Le vendredi 10 février 2012

Un nouveau régime pour le courtage en immobilier

23 avril 2010 | 15h09
 

Michel Munger
Argent

Un nouveau régime va encadrer le courtage immobilier au Québec à partir du 1er mai pour renforcer la formation et améliorer la transparence des activités dans le secteur.

 

La conséquence de tout ça, c'est que plus de gens veulent retourner sur les bancs d'école, soit pour mettre leur formation à jour, soit pour la compléter avant que les changements entrent en vigueur.

Si seulement deux titres professionnels, soit agent immobilier affilié et courtier, existaient auparavants, on assiste à une multiplication. Dorénavant, on aura affaire à des courtiers résidentiels, hypothécaires, commerciaux et directeurs d'agence.

«C'est bon pour le marché, estime Johanne Bouchard, fondatrice de l'Académie de l'entrepreneurship québécois. Il y aura beaucoup plus d'heures de formation, donc plus de connaissances juridiques et un apprentissage plus proche du marché.»

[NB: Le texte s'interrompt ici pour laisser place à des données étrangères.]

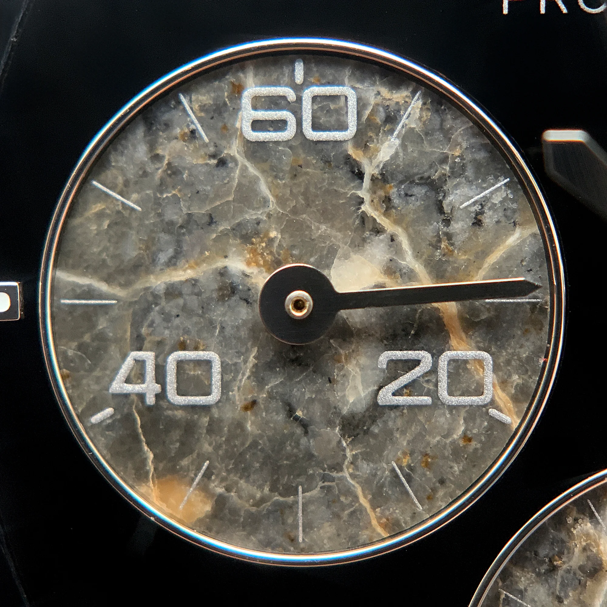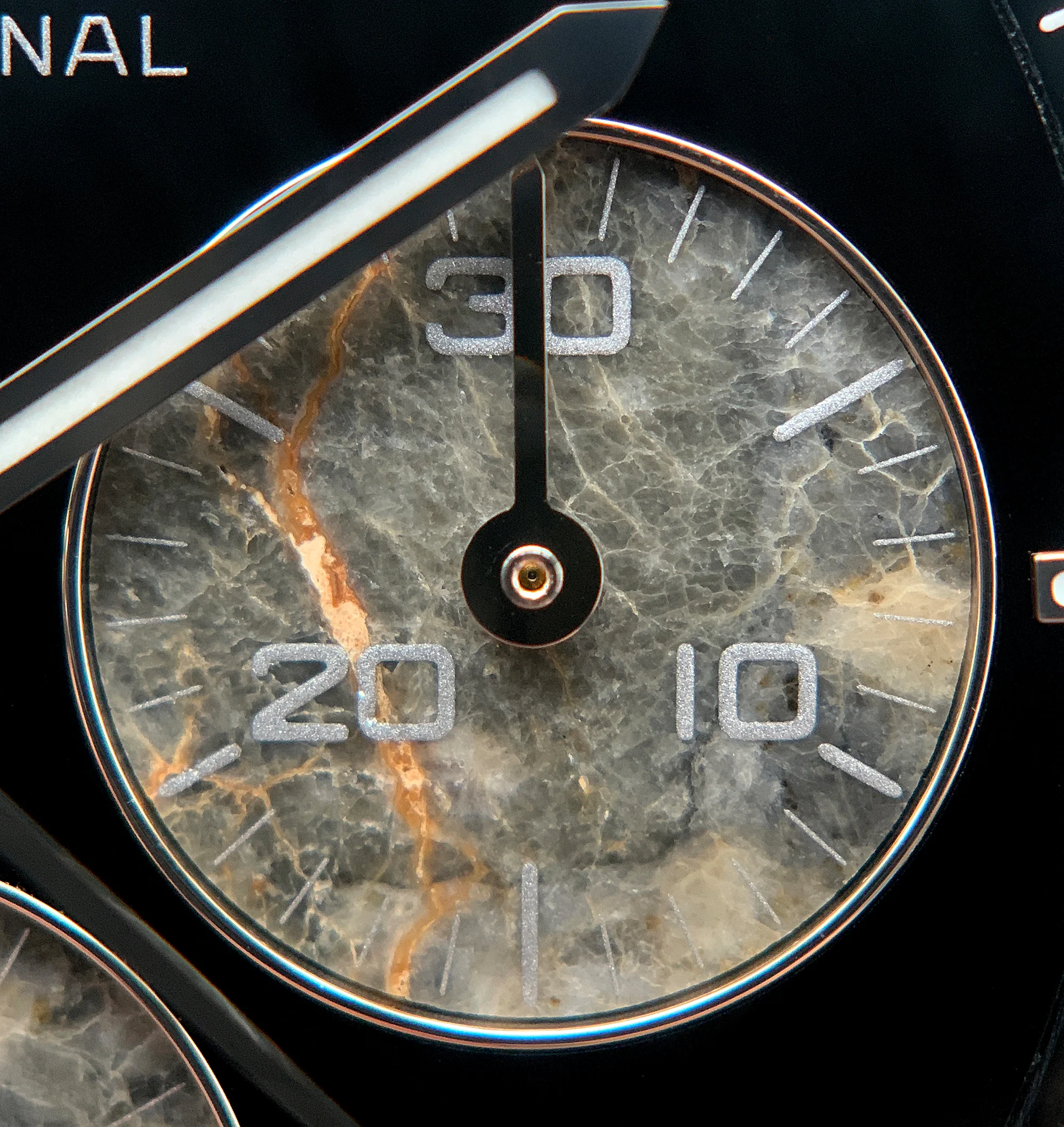 For those who don't know this watch: the subdials are lunar meteorite and the dial is Onyx (Agate). So two types of stone.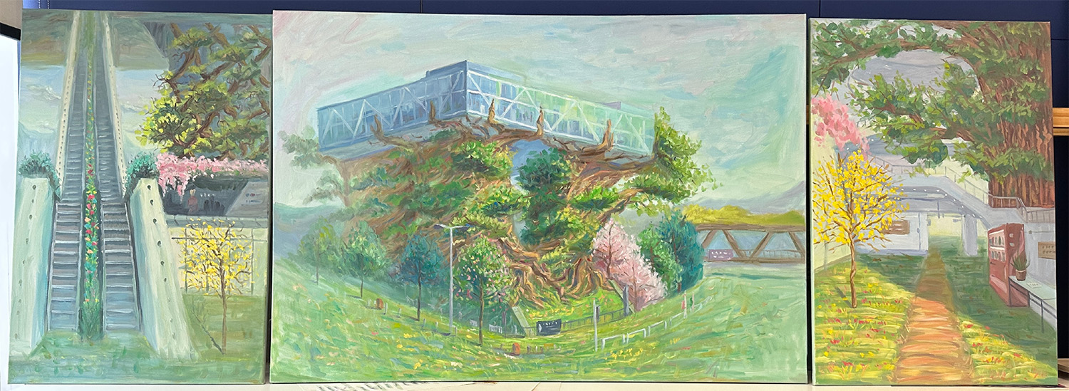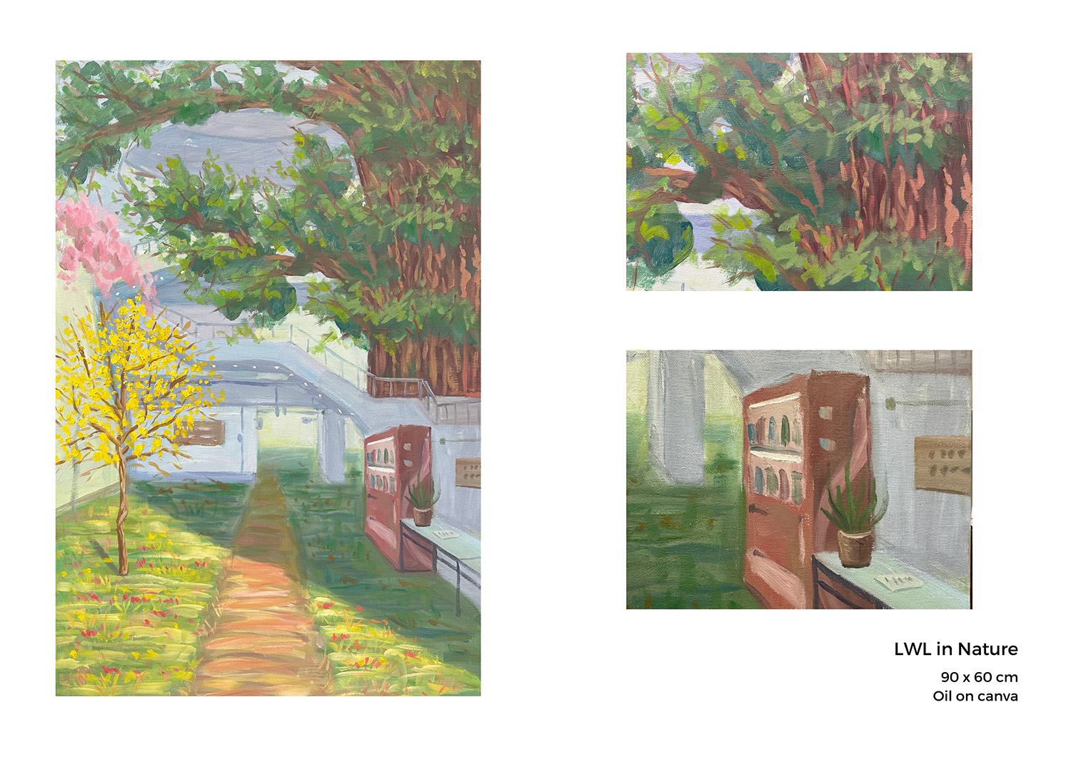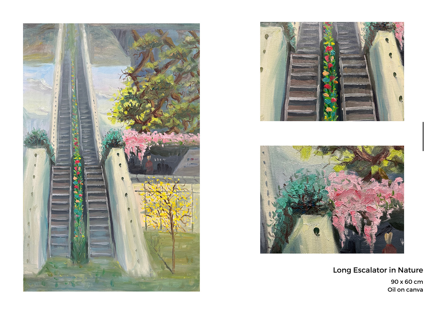 现代人的生活脱离了大自然,所以人们并不关注大不重视自然。 香港的城市绿化覆盖率只有20%,。 这并不是一个健康的环境。 所以我想透过我的作品让观者观众可以看到人与大自然共存的美好,让人们重新关注大自然。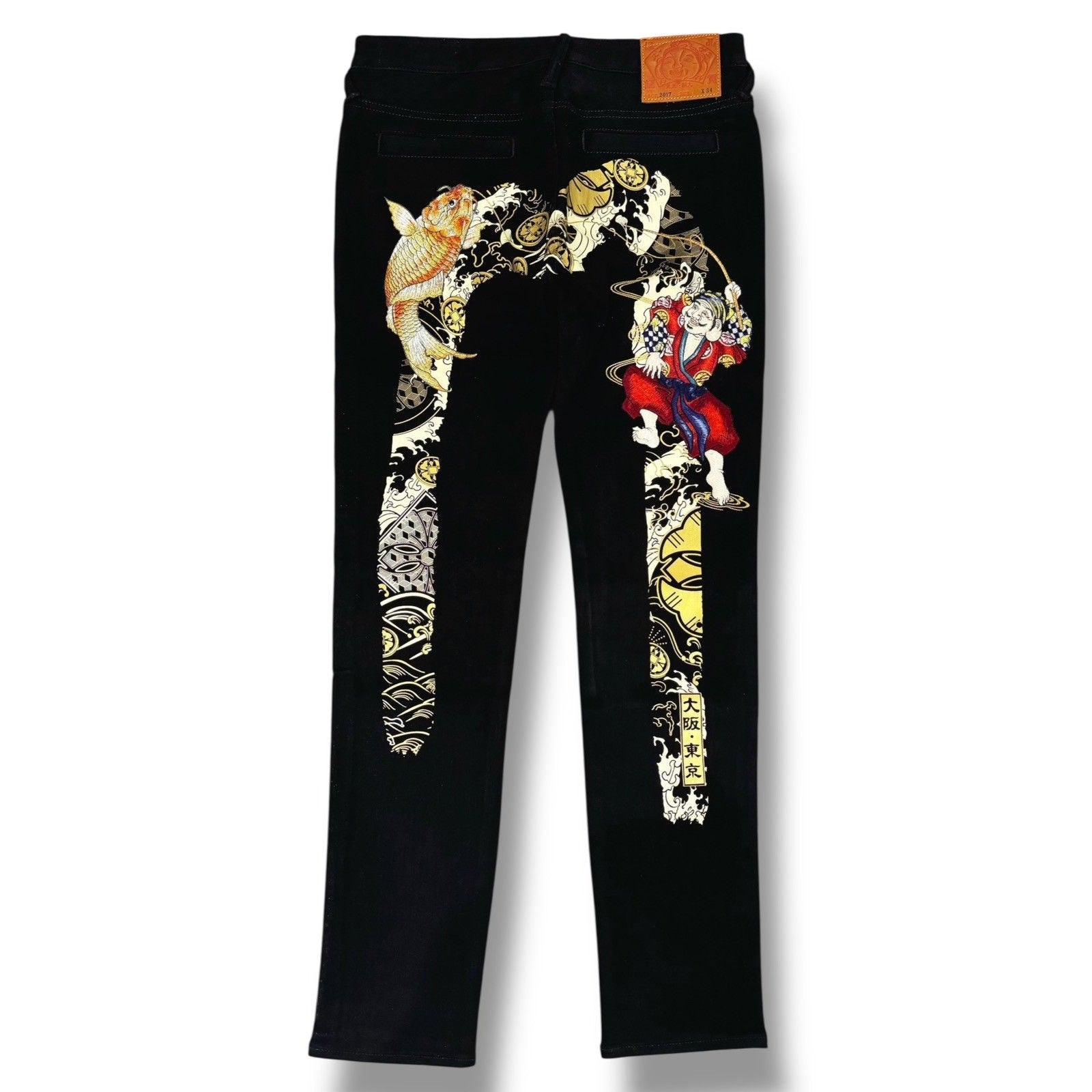 2017 Carrot fit Fisherman God of Fortune and Koi embroidery, Kamon and wave pattern Daicock print, Button fly, 5 pockets, Godhead leather patch, 99% Cotton, 1% Spandex.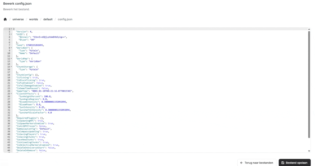 Sla het bestand op en start je server.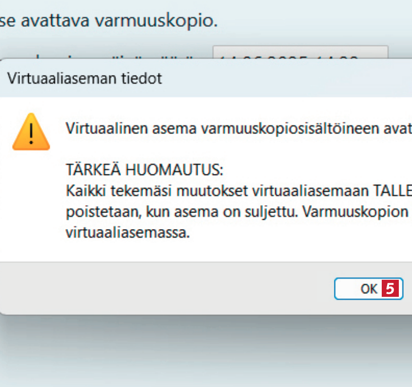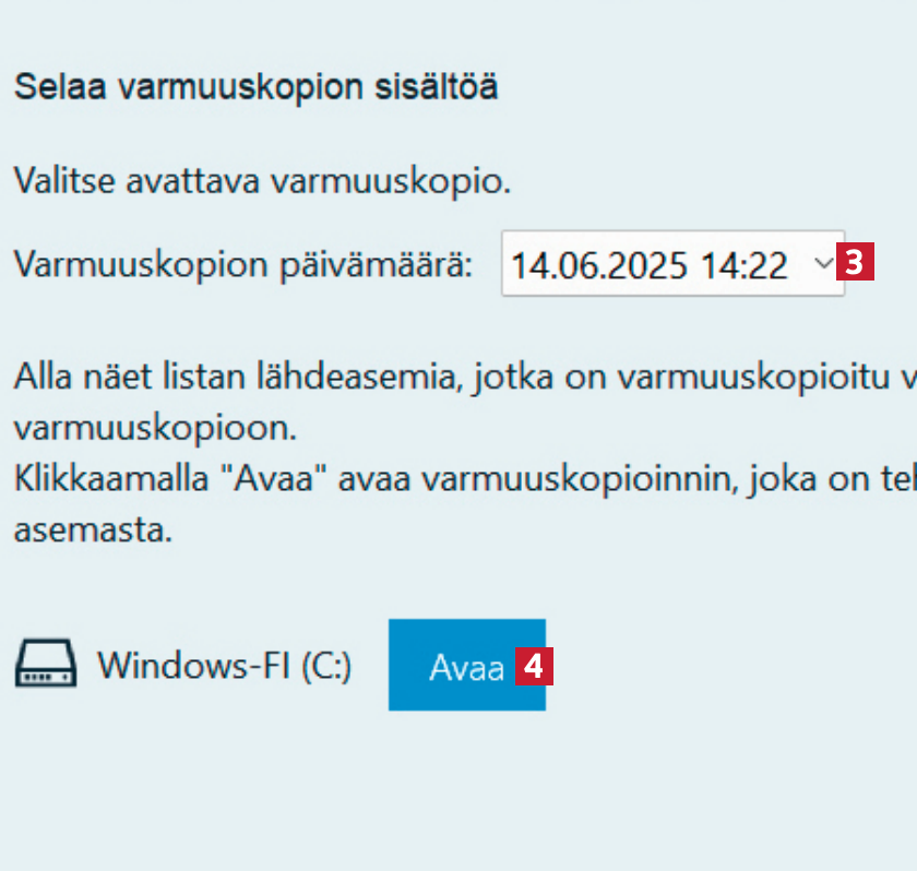 Valitse haluamasi varmuuskopion päivämäärä 3 ja valitse Avaa 4. Tässä esimerkissä kyseessä on Casema. Varmuuskopio avautuu asemana Resurssienhallinnassa.

«Moins de courtiers entreront sur le marché car ce sera plus difficile avec 500 heures de formation et six heures d'examen pour chaque profession, prédit-elle. Les gens devront mettre leurs connaissances à jour, notamment une mise à niveau concernant la loi. Ça fait peur. Mais le consommateur sera mieux servi.»

Selon elle, la réforme pourrait remédier aux problèmes de délais mal respectés pour les promesses d'achat et aux délais parfois causés par les agents à temps partiel.

«C'est vraiment une opinion personnelle mais je crois que le souhait du marché est d'avoir des courtiers plus connaissants au niveau juridique, dit Mme Bouchard. Il y a une clientèle d'agents qui fait ce travail à temps partiel. Parfois, les délais sont plus longs pour finaliser une transaction. C'est regrettable pour les autres qui travaillent à temps plein.»